GROUP-CONNECTED MULTILAYER PERCEPTRON NETWORKS

Abstract

Despite the success of deep learning in domains such as image, voice, and graphs, there has been little progress in deep representation learning for domains without a known structure between features. For instance, a tabular dataset of different demographic and clinical factors where the feature interactions are not given as a prior. In this paper, we propose Group-Connected Multilayer Perceptron (GMLP) networks to enable deep representation learning in these domains. GMLP is based on the idea of learning expressive feature combinations (groups) and exploiting them to reduce the network complexity by defining local group-wise operations. During the training phase, GMLP learns a sparse feature grouping matrix using temperature annealing softmax with an added entropy loss term to encourage the sparsity. Furthermore, an architecture is suggested which resembles binary trees, where group-wise operations are followed by pooling operations to combine information; reducing the number of groups as the network grows in depth. To evaluate the proposed method, we conducted experiments on different real-world datasets covering various application areas. Additionally, we provide visualizations on MNIST and synthesized data. According to the results, GMLP is able to successfully learn and exploit expressive feature combinations and achieve state-of-the-art classification performance on different datasets.

1. INTRODUCTION

Deep neural networks have been quite successful across various machine learning tasks. However, this advancement has been mostly limited to certain domains. For example in image and voice data, one can leverage domain properties such as location invariance, scale invariance, coherence, etc. via using convolutional layers (Goodfellow et al., 2016) . Alternatively, for graph data, graph convolutional networks were suggested to leverage adjacency patterns present in datasets structured as a graph (Kipf & Welling, 2016; Xu et al., 2019) . However, there has been little progress in learning deep representations for datasets that do not follow a particular known structure in the feature domain. Take for instance the case of a simple tabular dataset for disease diagnosis. Such a dataset may consist of features from different categories such as demographics (e.g., age, gender, income, etc.), examinations (e.g., blood pressure, lab results, etc.), and other clinical conditions. In this scenario, the lack of any known structure between features to be used as a prior would lead to the use of a fully-connected multilayer perceptron network (MLP). Nonetheless, it has been known in the literature that MLP architectures, due to their huge complexity, do not usually admit efficient training and generalization for networks of more than a few layers.

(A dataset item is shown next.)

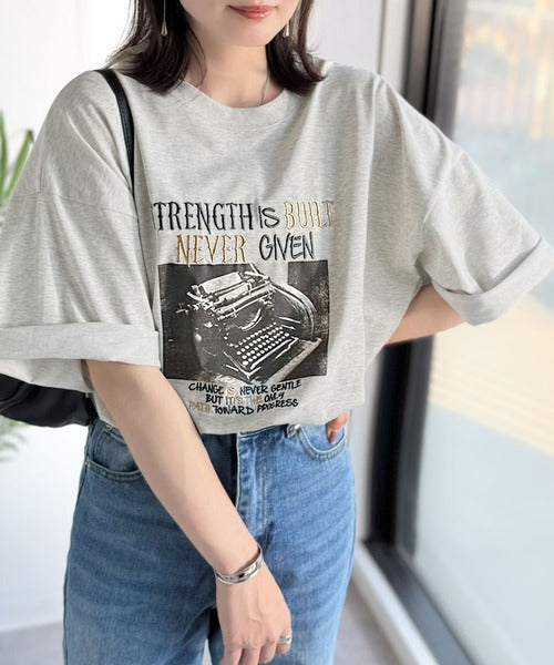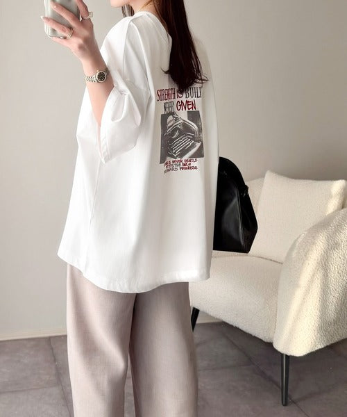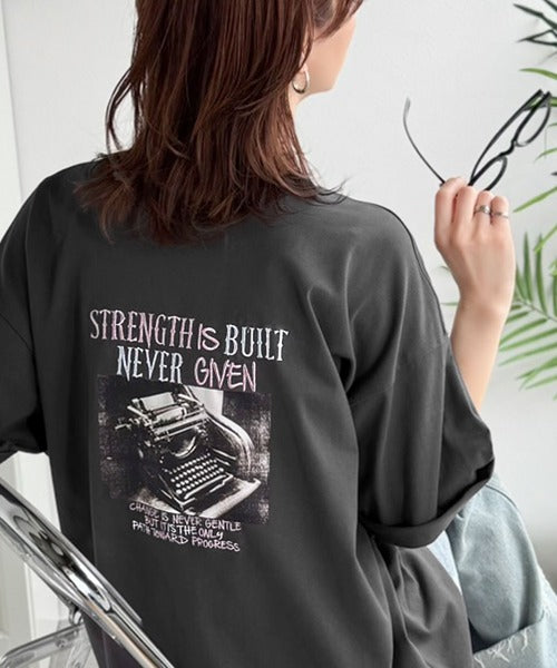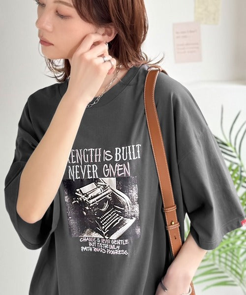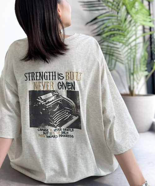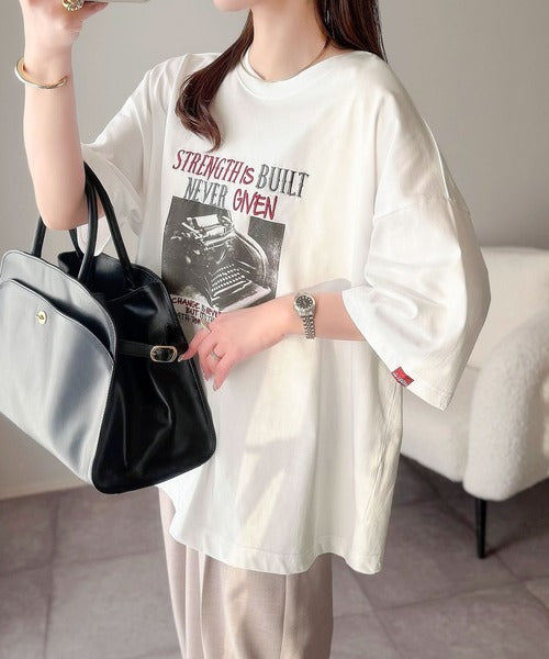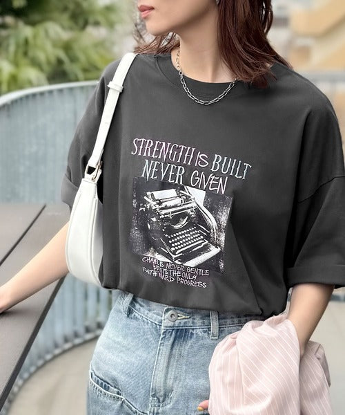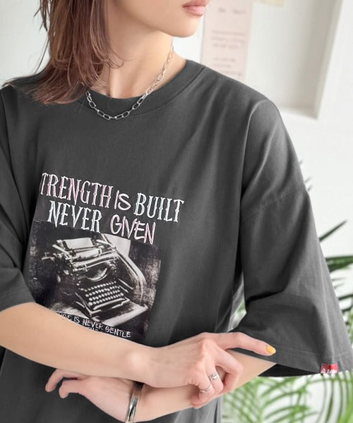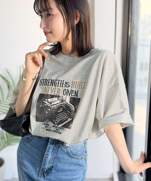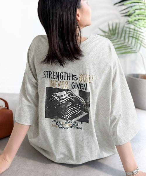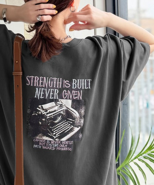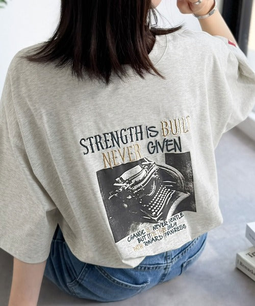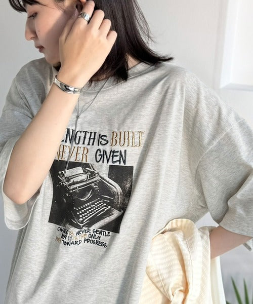《JaVaジャバコラボ》【接触冷感機能付き】レトロムードに、少しのスパイスを。前後2wayタイプライタープリント刺繍ビッグTシャツ(半袖) jv1260555

In this paper, we propose Group-Connected Multilayer Perceptron (GMLP) networks. The main idea behind GMLP is to learn and leverage expressive feature subsets, henceforth referred to as feature groups. A feature group is defined as a subset of features that provides a meaningful representation or high-level concept that would help the downstream taskfoot_0 . For instance, in the disease diagnosis example, the combination of a certain blood factor and age might be the indicator of a higher level clinical condition which would help the final classification task. Furthermore, GMLP leverages feature groups limiting network connections to local group-wise connections and builds a feature hierarchy via merging groups as the network grows in depth. GMLP can be seen as an architecture that learns expressive feature combinations and leverages them via group-wise operations.



In this paper, the expression "group" is not related to the group in a mathematical sense, and it only represents a subset of features.